Era o que eu achava.
Após inaugurar (1983) programas
de DST em Niterói, São Gonçalo e,
posteriormente (1988), na UFF (Universidade Federal Fluminense), vi
que, depois do Carnaval, não atendia
a mais pacientes.
De colegas estrangeiros, muitas vezes ouço que as mulheres brasileiras
são permissivas. Talvez a abundância
de sensualidade no Carnaval aliada a
campanhas para uso de preservativos
nessa época, entre outras situações,
reforcem o imaginário de que no Carnaval brasileiro tudo é sexo. Fora do
período carnavalesco, apenas em 1º
de dezembro há campanhas sobre
Aids. Campanhas sobre DST e em
épocas variadas ainda estão por vir.
Atuando no setor de DST da UFF,
núcleo de ensino, pesquisa, atendimento público em DST e sede da revista científica "Jornal Brasileiro de
DST", deixamos o "achismo" e buscamos os dados estatisticamente significantes, visto que fomos reconhecidos pelo Programa Nacional de DST e
Aids como Centro Nacional de Treinamento em DST e que atendemos
pelo SUS pessoas de Niterói, São Gonçalo e Rio de Janeiro.
As estatísticas sobre DST no Brasil
são difíceis. Notificação compulsória
só existe para sífilis congênita e sífilis
na gravidez. Em 2002, publicamos artigo que analisava os diagnósticos de
DST antes e depois do Carnaval. Os
dados não tinham alterações importantes, mas os métodos estatísticos
eram simples e passíveis de críticas.
A dissertação de mestrado intitulada "Distribuição Temporal dos Diagnósticos de Gonorréia, Sífilis e Tricomoníase em uma Clínica de DST em
Niterói-RJ: o Carnaval Influencia no
Aumento das DST?" foi avaliada por
quatro pesquisadores/professores,
que aprovaram, com rigor acadêmico,
os métodos e as análises usadas.
O estudo envolveu 2.646 pacientes,
no período de 1993 a 2005, com diagnóstico das três DST. Na análise, observamos a média padronizada do número de atendimentos para os 13
anos e da série padronizada mês a
mês e ano a ano por métodos para
avaliação de sazonalidade.
Nesse período, o Carnaval foi 11 vezes em fevereiro e duas vezes em março. Não se observou maior número de
casos em fevereiro-abril, época imediatamente posterior ao Carnaval,
que inclui o período de incubação de
três das clássicas DST curáveis. Na
falta de publicações sobre o tema, não
comparamos nossos resultados. Mas
esse estudo servirá de base para
maior conhecimento da situação.
No entanto, em trabalho com 752
foliões no Carnaval de 1997, em Rio
Branco (AC), concluiu-se não haver
aumento significativo da freqüência
das relações sexuais no Carnaval.
Em 1993, estudo com 380 ritmistas
de escola de samba de São Paulo concluiu: quem está em risco para HIV
no Carnaval também está durante todo o ano. Há, ainda, publicação de
2002 relatando que as campanhas
massivas de DST/Aids reforçam que
o calendário é fixo e tem desatenção a
outras DST, contribuindo para o imaginário da Aids no cenário do país.

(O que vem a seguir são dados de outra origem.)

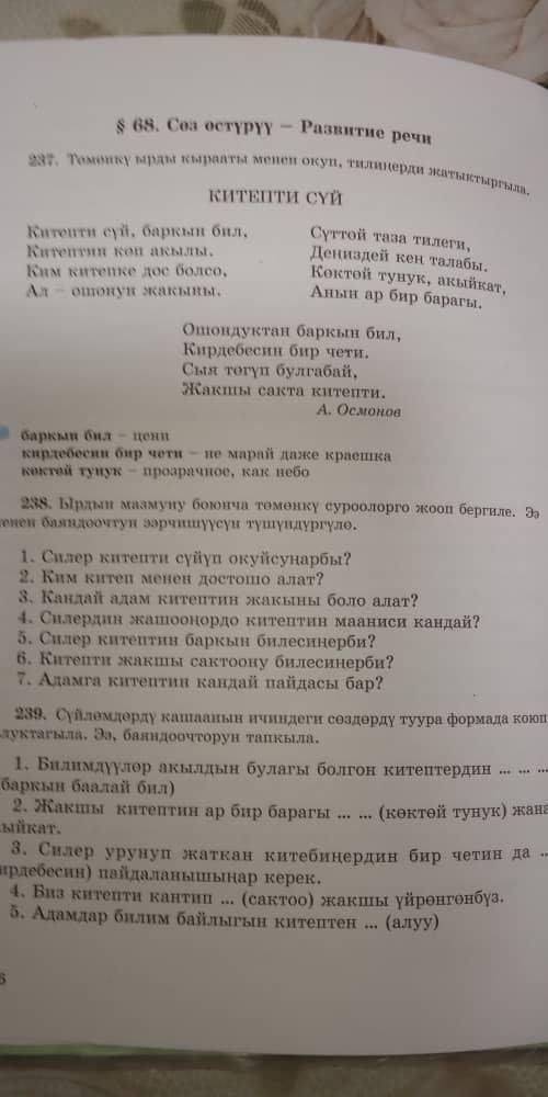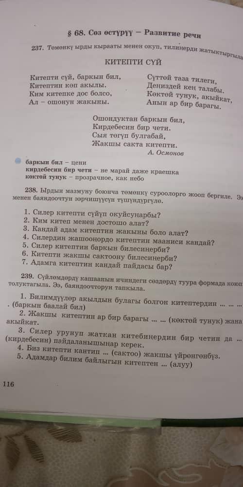 6)Ооба билебиз китепти булгабай таза сакташ керек тебелендиге койбош керек
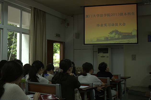 2016年6月17日下午,2013级本科生毕业实习动员大会在B138举行。法学院党委副书记周蕾、团委书记高斌、教学秘书陈丽清出席了本次会议,实习带队老师郭春镇、陈帮锋 、吴旭阳 、陆而启、陈喜峰、王宗涛、吕英杰、刘志云、陈鹏、张膑心、齐云也出席了本次会议。

Dados do SUS sobre partos e abortamentos no Brasil, Rio de Janeiro e
Niterói mostram que o pico de nascimento de crianças ocorre em maio. Já
o maior número de abortamentos é
em outubro/novembro. Se as pessoas
transam mais para contrair DST,
também engravidariam mais. Como
explicar esses números?
A ausência de pesquisas que comprovem que o Carnaval leva a um aumento de DST/Aids contribui para o
fortalecimento do mito de que esse
feriado é sinônimo de orgia geral. Mito este que não leva em conta alas das
baianas, crianças, bailes em matinês,
vendedores ambulantes, jornalistas,
espectadores, aqueles que param para descansar... Porque, em nossa pesquisa, o Carnaval não influenciou na
ocorrência de gonorréia, sífilis e tricomoníase em pacientes atendidos
pela primeira vez em uma clínica de
DST em Niterói, RJ.
MAURO ROMERO LEAL PASSOS é professor doutor associado do Departamento de Microbiologia e Parasitologia, do setor de DST da Universidade Federal Fluminense.
WILMA NANCI CAMPOS ARZE, médica, mestre em medicina pela UFF.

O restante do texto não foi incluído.